EXERCISE DETAILS: Write out the listing below character for character, though without its pictures.

DATA PROVIDED:

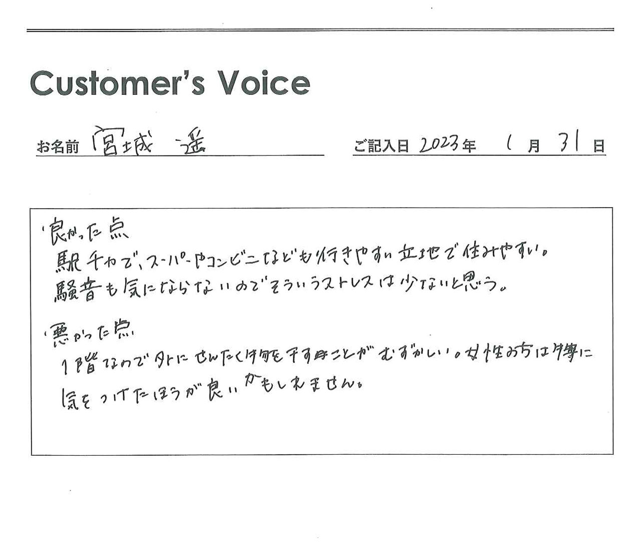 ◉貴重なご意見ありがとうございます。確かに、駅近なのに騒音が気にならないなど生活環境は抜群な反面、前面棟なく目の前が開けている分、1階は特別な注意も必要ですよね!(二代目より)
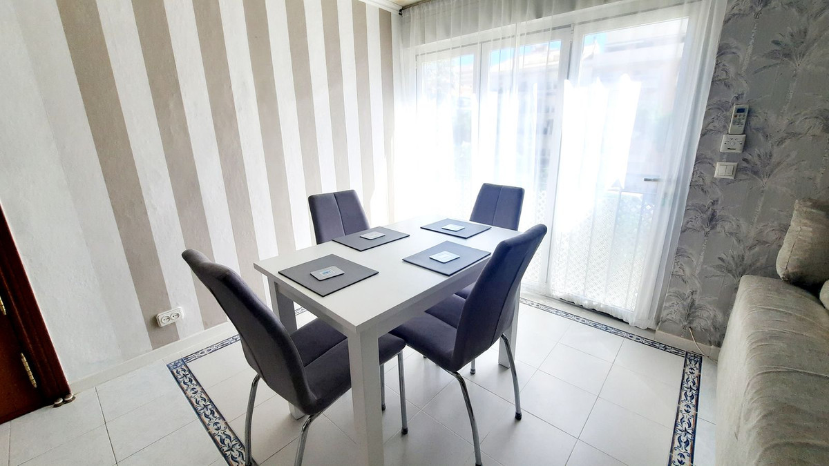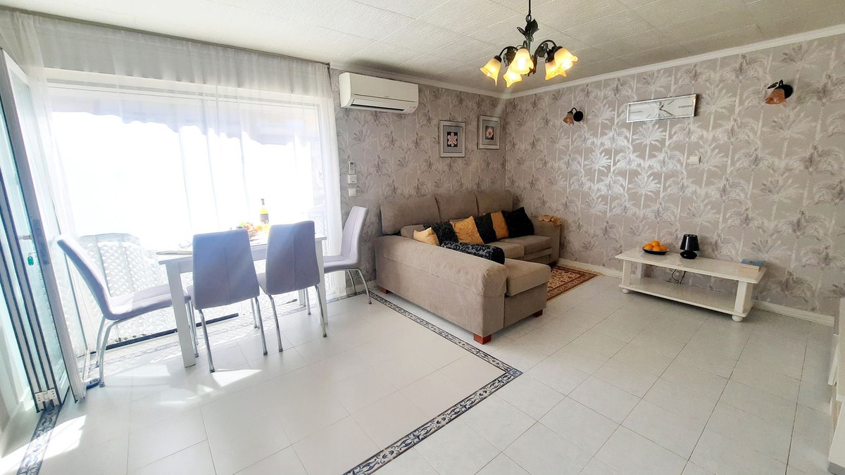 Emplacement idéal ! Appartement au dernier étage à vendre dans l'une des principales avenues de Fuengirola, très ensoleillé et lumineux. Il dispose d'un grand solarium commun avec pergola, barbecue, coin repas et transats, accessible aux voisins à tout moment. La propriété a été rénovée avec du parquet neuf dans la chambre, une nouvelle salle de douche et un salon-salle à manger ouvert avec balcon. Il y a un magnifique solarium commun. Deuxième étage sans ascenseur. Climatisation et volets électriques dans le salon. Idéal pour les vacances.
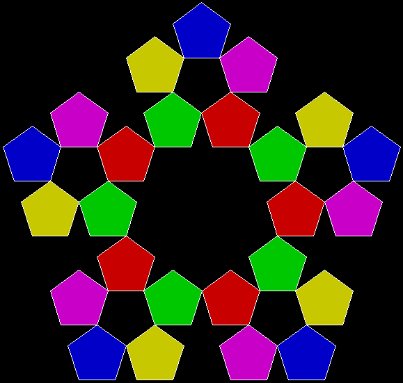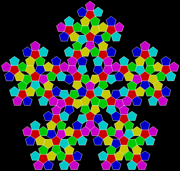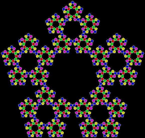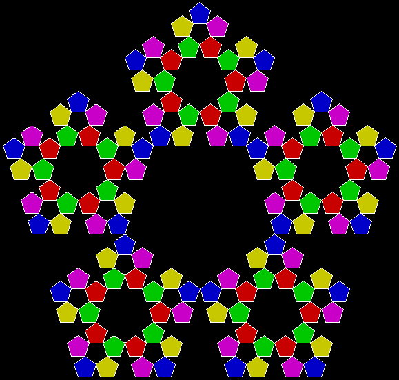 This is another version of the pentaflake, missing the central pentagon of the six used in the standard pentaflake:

WRITTEN SOLUTION:
 ◉貴重なご意見ありがとうございます。確かに、駅近なのに騒音が気にならないなど生活環境は抜群な反面、前面棟なく目の前が開けている分、1階は特別な注意も必要ですよね!(二代目より)
 Emplacement idéal ! Appartement au dernier étage à vendre dans l'une des principales avenues de Fuengirola, très ensoleillé et lumineux. Il dispose d'un grand solarium commun avec pergola, barbecue, coin repas et transats, accessible aux voisins à tout moment. La propriété a été rénovée avec du parquet neuf dans la chambre, une nouvelle salle de douche et un salon-salle à manger ouvert avec balcon. Il y a un magnifique solarium commun. Deuxième étage sans ascenseur. Climatisation et volets électriques dans le salon. Idéal pour les vacances.
 This is another version of the pentaflake, missing the central pentagon of the six used in the standard pentaflake:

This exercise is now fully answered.